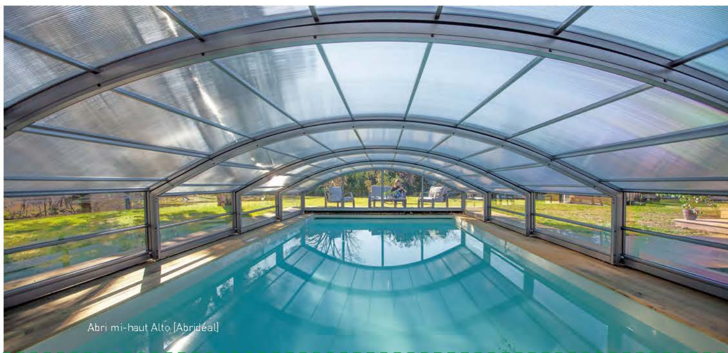
Abri mi-haut Alto [Abridéal]

Ils reprennent les avantages des deux précédents types d'abris. La montée en température y est rapide, le phénomène de condensation limité et l'on y profite de volumes suffisants pour la baignade et la détente sur les abords. Quant à leur taille et leur volume, ils permettent de ne pas trop impacter l'équilibre paysager.
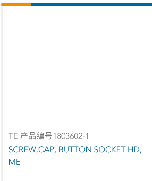
TE 产品编号1803602-1 SCREW,CAP, BUTTON SOCKET HD, ME
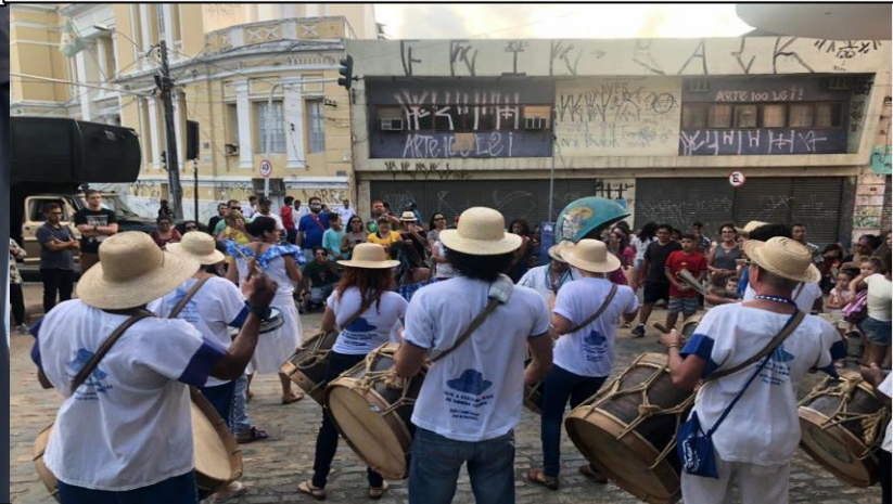
Aulão de Dança com Maracatu no Centro Histórico , arquivo 2019.
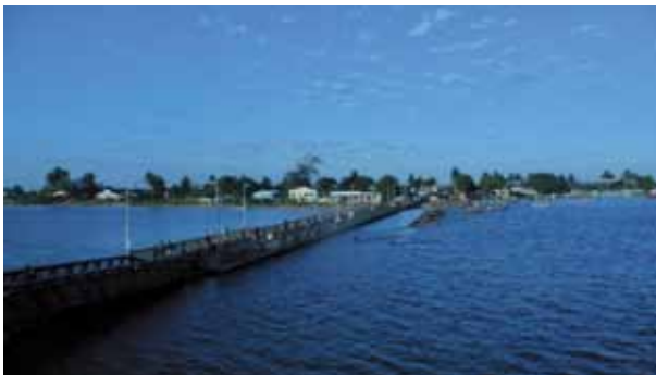
Figura 2. Porto de pesca da comunidade da Catembe.

Os moradores goeses da Catembe dedicam-se maioritariamente à pesca semi-artesanal do camarão. As cerca de 45 famílias goesas que compartilham o quotidiano com as outras populações moçambicanas, estabelecem com elas relações comerciais, ou mesmo de recurso à mão de obra para a manutenção dos barcos de pesca de que são proprietários.
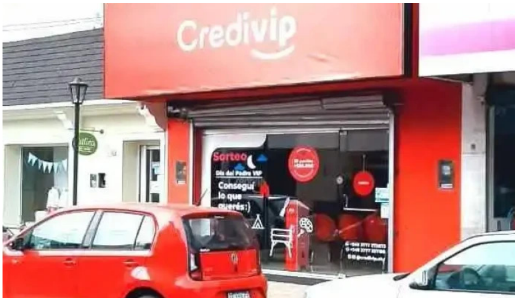
Credivip del propietario
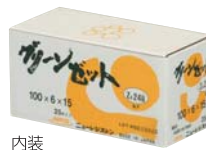
内装 (外径100mm 25枚入り)
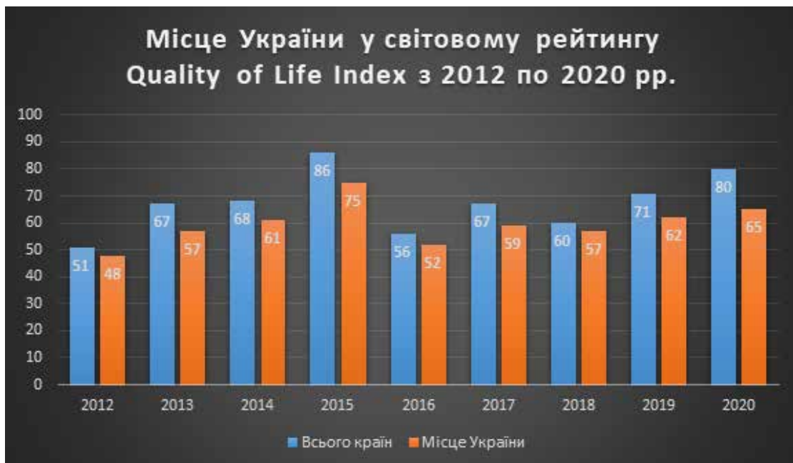
Рис. 2. Місце України у світовому рейтингу Quality of Life Index.

Держава зобов'язана ввести законодавчі ініціативи, що будуть мати на меті зміцнення інституту сім'ї. Одним із ключових, на нашу думку, кроків є визначення поняття «сім'я», її ознак на легальному рівні, з характеристикою сім'ї феодального типу. Л. Слюсар зазначає: «З набуттям Україною незалежності та зміною соціально-економічної моделі організації соціуму умови життєдіяльності української сім'ї якісно змінилися; були створені умови для її модернізації на основі постіндустріальних принципів розвитку (принципів другого демографічного переходу), зокрема й деформалізації норм і правил, їх плюралізації. Водночас країна успадкувала профіль шлюбно-сімейних процесів, що склався у попередні роки, і це значною мірою вплинуло на розвиток української сім'ї» [16, с. 82]. Цей профіль – наслідування нуклеарного типу сім'ї часів Радянського Союзу. Нуклеарна сім'я, тобто та, що включає у внутрішню структуру лише батьків та їхню дитину, з погляду емпіричних та соціологічних досліджень є про-
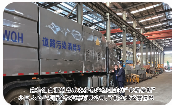
建行湖南郴州嘉禾支行客户经理走访“专精特新”小巨人企业湖南金松汽车有限公司，了解企业经营情况

自创立以来，“建行惠懂你”始终坚持以服务小微企业、个体工商户等普惠客户需求为核心，解决小微企业贷款手续繁、融资慢等问题，为小微企业提供“一分钟”融资、“一站式”服务、“一价式”收费的信贷
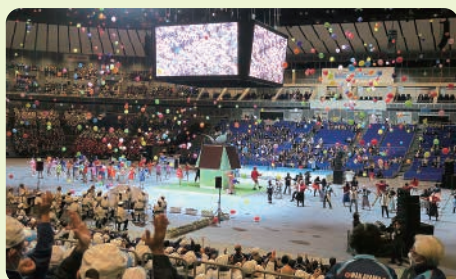
総合開会式式典の様子
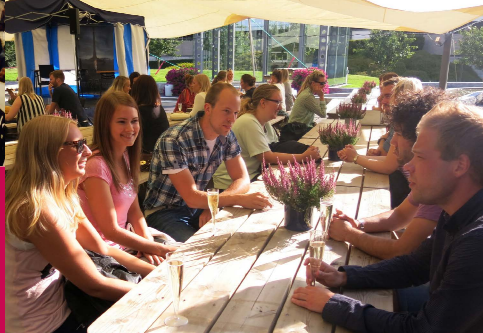
"Ka skjer ittepå?" Vårt arrangement hos Haugaland Kraft
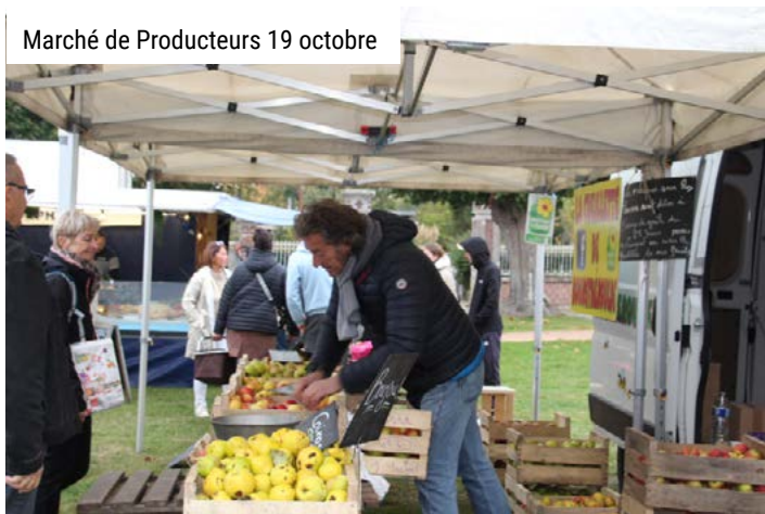
Marché de Producteurs 19 octobre
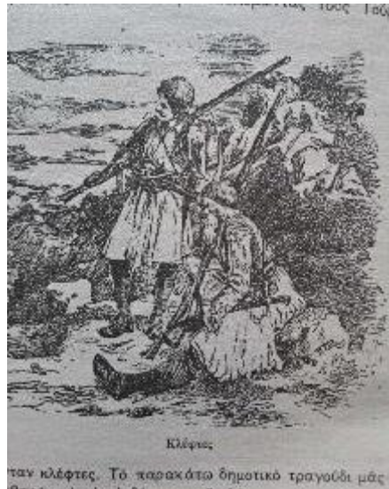
Εικόνα 5. Κλέφτες

Στις τελευταίες σελίδες βρίσκουμε τους πρωταγωνιστές της νεότερης πολιτικής σκηνής τον Καποδίστρια, Όθωνα, Ελευθέριο Βενιζέλο, Γεώργιο Α΄. Είναι αξιοσημείωτο όμως, ότι ενώ όλα τα έργα έχουν περίπου το ίδιο μέγεθος το πορτρέτο του Λόρδου Βύρωνα καταλαμβάνει σχεδόν όλη τη σελίδα του βιβλίου (σελ. 65) και ότι το μοναδικό μη Έλληνα πορτρέτο είναι αυτό του Ιμπραήμ που συνοδεύει το κείμενο «Ο Ιμπραήμ αποβιβάζεται στην Πελοπόννησο» (σελ. 71-72).
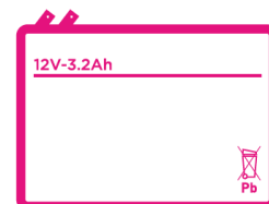
Batteries au plomb 2V à 12V
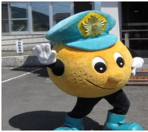
イベントスタート！！
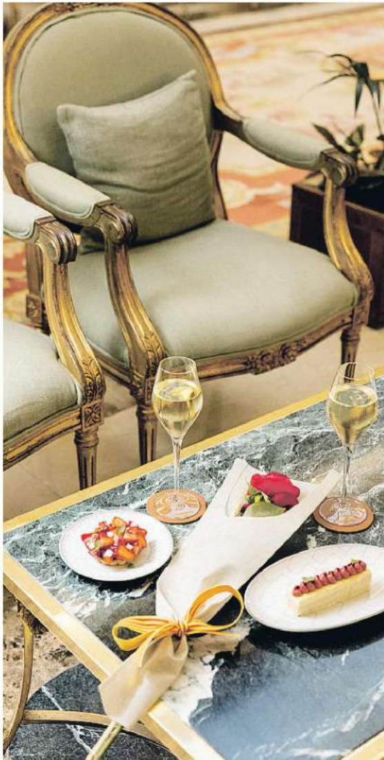
EL PALACE BARCELONA
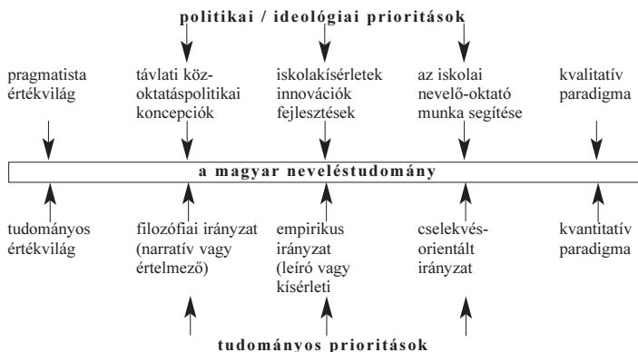
2. ábra. Politikai és tudományelméleti prioritások a hazai pedagógiai kutatásokban. (Báthory, 2000. 26.)

felfogás követői a kísérleti pedagógia hagyományához kapcsolódnak. S létezik egy harmadik törekvés, amely az aktuális pedagógiai problémák föltérképezésére és megoldási módszereinek kidolgozására vállalkozik. E cselekvésorientált irányzat mentén – ha nem is annak a kizárólagos képviselőjére – formálódik az Iskolakultúra.
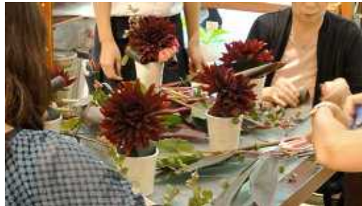
コトコトステージ

「私の作品を皆に見てほしい」、「同じ趣味を楽しむ仲間に出会いたい」...そんなお客様の思いをかなえる場。ステージ発表や作品展示、気軽に試せるワークショップやミニセミナーなどの学べるイベントを開催します。
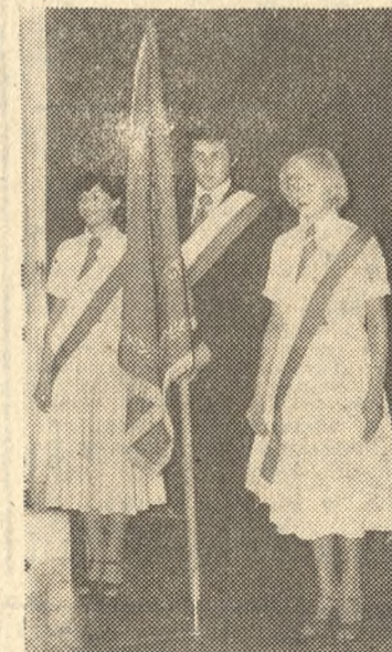
Poczet ze sztandarem, zdobytym przez Spółdzielnię Mieszkaniową „Osiedle Młodych” w Poznaniu.

Zdaniem tego naukowca, za chodniemiemy socjaldemokraci z H. Schmidem na czele mogą obecnie liczyć na 48 procent wszystkich głosów wyborczych, zaś wolni demokraci H. D. Genschera na zdobycie dalszych 7 procent. (PAP)
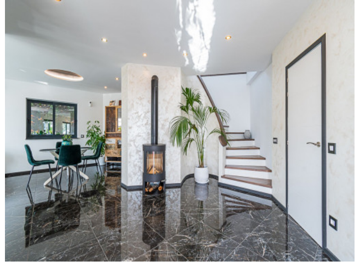
Sehr grosser und offener Wohn-/Essbereich
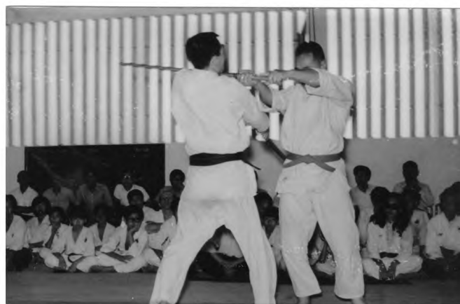
Рис. 2. Сэнсэй Мотидзуки Минору демонстрирует технику с мечом.

ба дзюдо. Все студенческие годы я прозанимался дзюдо. В 1963 году я переехал в Токио, уже устроившись на работу. Через несколько лет я вернулся в Сидзуока и пришёл на постоянное обучение к Мотидзуки сэнсэю в качестве ути-дэси. В этом додзё я провёл 3,5 года, изучая различные виды боевых искусств: айкидо, дзюдо, каратэ, Катори Синто-рю. После того как прошли 3,5 года моего обучения, я перешёл непосредственно к преподаванию. В дальнейшем я сменил несколько мест пребывания, жил и в Нагоя, и в Токио, и каждый раз я открывал собственный додзё, где и преподавал. Тем временем Мотидзуки сэнсэй основал международную организацию айкибудо, одной из целей которой было распространение различных видов будо по всему миру. Я работал в офисе этой организации одним из руководителей. Конечно, основными руководителями этой организации были Мотидзуки сэнсэй и Сугино сэнсэй – именно они отвечали за айки направление и за Катори Синто-рю, но при этом, поскольку цель была в распространении не только этих направлений, но и других единоборств, то они привлекали к деятельности организации передовых представителей других будо. Я там проработал 20 лет. Вот та история, которую я мог бы рассказать на сегодняшний день.
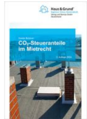
CO 2 -Steueranteile im Mietrecht Ladenpreis: 13,40EUR
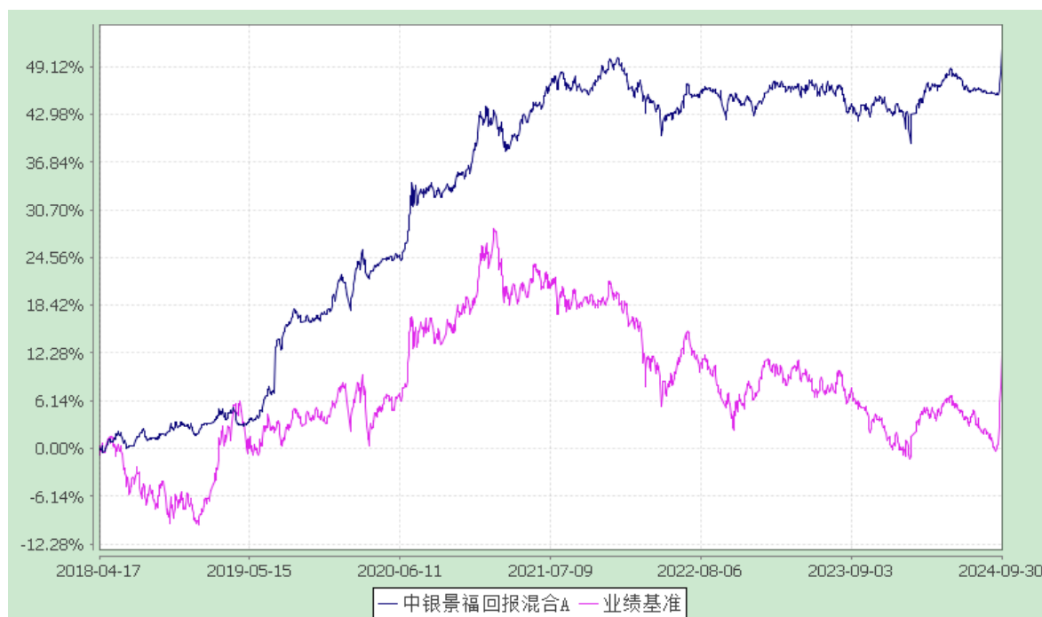
2. 中银景福回报混合 C:
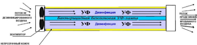
Рис. 1 - Устройство облучателей-рециркуляторов медицинских «Armed» СН111-115 (металлический корпус), СН111-130 (металлический корпус)

5.4. Принцип действия рециркулятора основан на обеззараживании прокачиваемого с помощью вентиляторов воздуха вдоль ультрафиолетовой лампы низкого давления, дающей излучение с длиной волны 253,7 нм.
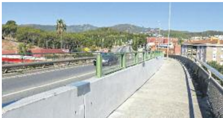
Les pantalles mesuren metre i mig i separen calçada i vorera.

Es tracta d'una construcció llargament reivindicada tant pels veïns i veïnes de la zona com
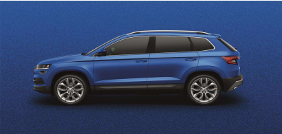
Azul Race (8X8X)
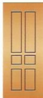
22. Кватра I
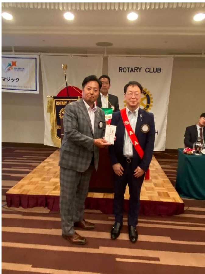
佐久間幹事 会員から会長、幹事へメッセージ
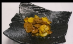
169. MANZO CON PATATE bocconcini di manzo saltati con patate € 5.50
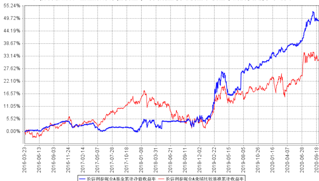
长信利泰混合A基金累计净值收益率与同期业绩比较基准收益率的历史走势对比图

自基金合同生效以来基金份额累计净值增长率变动及其与同期业绩比较基准收益率变动的比较
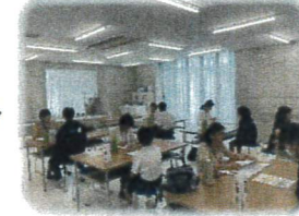
2次面接練習の様子

★ ★ ★ ★ ★

In the listing above, find the line with "Στις τελευταίες σελίδες" and the line with "Poczet ze sztandarem, zdobytym". Set down both and every line between them, minus the pictures.

# PROBLEM SOLUTION:
Στις τελευταίες σελίδες βρίσκουμε τους πρωταγωνιστές της νεότερης πολιτικής σκηνής τον Καποδίστρια, Όθωνα, Ελευθέριο Βενιζέλο, Γεώργιο Α΄. Είναι αξιοσημείωτο όμως, ότι ενώ όλα τα έργα έχουν περίπου το ίδιο μέγεθος το πορτρέτο του Λόρδου Βύρωνα καταλαμβάνει σχεδόν όλη τη σελίδα του βιβλίου (σελ. 65) και ότι το μοναδικό μη Έλληνα πορτρέτο είναι αυτό του Ιμπραήμ που συνοδεύει το κείμενο «Ο Ιμπραήμ αποβιβάζεται στην Πελοπόννησο» (σελ. 71-72).
Batteries au plomb 2V à 12V
イベントスタート！！
EL PALACE BARCELONA
2. ábra. Politikai és tudományelméleti prioritások a hazai pedagógiai kutatásokban. (Báthory, 2000. 26.)

felfogás követői a kísérleti pedagógia hagyományához kapcsolódnak. S létezik egy harmadik törekvés, amely az aktuális pedagógiai problémák föltérképezésére és megoldási módszereinek kidolgozására vállalkozik. E cselekvésorientált irányzat mentén – ha nem is annak a kizárólagos képviselőjére – formálódik az Iskolakultúra.
コトコトステージ

「私の作品を皆に見てほしい」、「同じ趣味を楽しむ仲間に出会いたい」...そんなお客様の思いをかなえる場。ステージ発表や作品展示、気軽に試せるワークショップやミニセミナーなどの学べるイベントを開催します。
Poczet ze sztandarem, zdobytym przez Spółdzielnię Mieszkaniową „Osiedle Młodych” w Poznaniu.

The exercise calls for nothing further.